Youtu-VL is a lightweight yet robust Vision-Language Model (VLM) built on the Youtu-LLM with 4B parameters. It pioneers Vision-Language Unified Autoregressive Supervision (VLUAS), which markedly strengthens visual perception and multimodal understanding. This enables a standard VLM to perform vision-centric tasks without task-specific additions.
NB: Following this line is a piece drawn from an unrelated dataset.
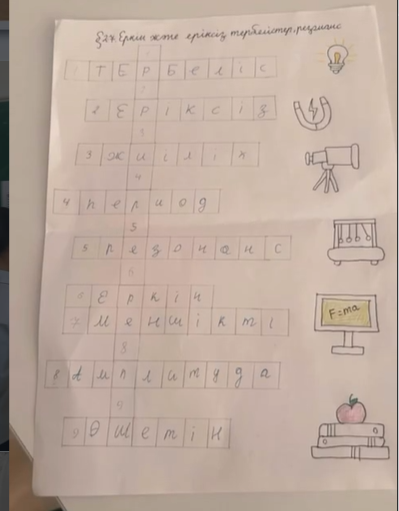 Жаратылыстану апталығы аясында «Еркін және еріксіз тербеліс. Резонанс» тақырыбында қызықты крассворд ұйымдастырылды.

Across benchmarks, Youtu-VL stands out for its versatility, achieving competitive results on both vision-centric and general multimodal tasks.

✨ Key Features

  • Comprehensive Vision-Centric Capabilities: The model demonstrates strong, broad proficiency across classic vision-centric tasks, delivering competitive performance in visual grounding, image classification, object detection, referring segmentation, semantic segmentation, depth estimation, object counting, and human pose estimation.

  • Promising Performance with High Efficiency: Despite its compact 4B-parameter architecture, the model achieves competitive results across a wide range of general multimodal tasks, including general visual question answering (VQA), multimodal reasoning and mathematics, optical character recognition (OCR), multi-image and real-world understanding, hallucination evaluation, and GUI agent tasks.

⚠️ Note: Dense prediction tasks (including Segmentation and Depth Estimation) are currently NOT supported in the Ollama version. For these capabilities, please refer to the original Transformers version: Youtu-VL-4B-Instruct.